Principles of Slab allocator

The allocation of small blocks of memory to help eliminate internal fragmentation.
Caching of commonly used objects so that the kernel doesnt waste time.
Better utilization of hardware cache by aligning objects to the L1 or L2 caches.

In a general sense , the slab allocator in sits on top of a bump allocator called buddy allocator and makes sure that commonly used objects are cached.

The slab allocator provides Dedicated and generic cache classes. The separation between cache classes can be seen in a proc file called /proc/slabinfo.

Interfaces of kernel memory allocation

kmalloc is the general interface the kernel provides to do generic allocations through slab allocator. There are also others like kzalloc (similar to glibc calloc) and krealloc.

How does a heap chunk look like in the kernel?

With the slab allocator , kmalloc'd chunks dont have any metadata like headers for size in glibc. The free chunks obviously are stored in a single linked list.

A slab allocator interface like kmalloc searches the right kmem_cache structure that serves a given size of allocation.

A little exploration of the source code

For sizes less than or equal to 192, kmalloc maintains immediate caches of sizes of range 8 to 192.

static __always_inline void *__do_kmalloc(size_t size, gfp_t flags,
					  unsigned long caller)
{
	struct kmem_cache *cachep;
	void *ret;

	if (unlikely(size > KMALLOC_MAX_CACHE_SIZE))
		return NULL;
	cachep = kmalloc_slab(size, flags);
	if (unlikely(ZERO_OR_NULL_PTR(cachep)))
		return cachep;
	ret = slab_alloc(cachep, flags, caller);

	ret = kasan_kmalloc(cachep, ret, size, flags);
	trace_kmalloc(caller, ret,
		      size, cachep->size, flags);

	return ret;
}

The call to kmalloc_slab is demonstrated.

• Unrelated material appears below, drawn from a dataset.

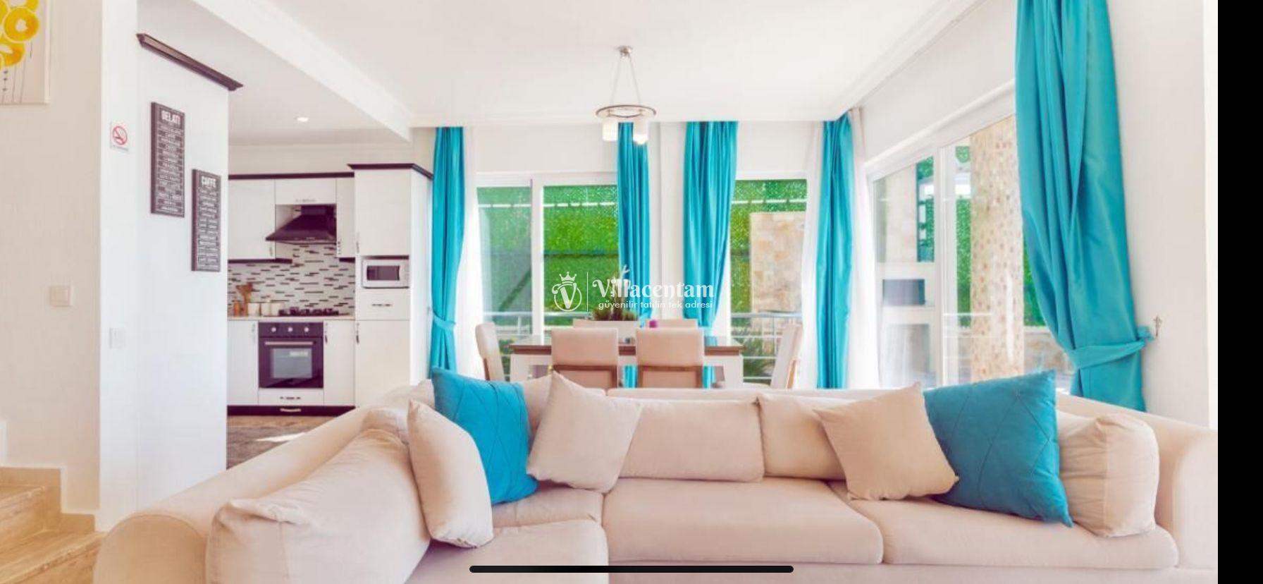 Villa Almira İslamlar, Kalkan İslamlar mevkiinde konumlanan 3 yatak odalı 6 kişi konaklama kapasitesine sahip doğayla iç içe, eşsiz manzarası ve huzur veren atmosferiyle öne çıkan villamız; konforlu, sakin ve özel bir tatil arayan misafirler için özenle tasarlanmıştır. Yemyeşil ormanlar ve doğal çevreyle çevrili olan villamız, şehir hayatının stresinden uzaklaşmak isteyen aileler ve arkadaş grupları için ideal bir konaklama seçeneğidir.Toplam 6 kişilik konaklama kapasitesine sahip olan villamızda 3 adet geniş ve ferah yatak odası bulunmaktadır. Odalar modern ve şık bir anlayışla dekore edilmiş olup, rahat bir uyku deneyimi sunacak şekilde tasarlanmıştır. Ferah salon alanı; konforlu oturma grubu, televizyon ve doğa manzarasına açılan geniş pencereleriyle keyifli vakit geçirmenizi sağlar.

struct kmem_cache *kmalloc_slab(size_t size, gfp_t flags)
{
	unsigned int index;

	if (size <= 192) {
		if (!size)
			return ZERO_SIZE_PTR;

		index = size_index[size_index_elem(size)];
	} else {
		if (WARN_ON_ONCE(size > KMALLOC_MAX_CACHE_SIZE))
			return NULL;
		index = fls(size - 1);
	}

	return kmalloc_caches[kmalloc_type(flags)][index];
}

If requested size is greater than KMALLOC_MAX_CACHE_SIZE which is the size of two pages 8192 , then a call to kmalloc_large is made.
The call to kmalloc_slab gets a cache pool using size based indexing.

The slub_alloc calls another function slab_alloc_node.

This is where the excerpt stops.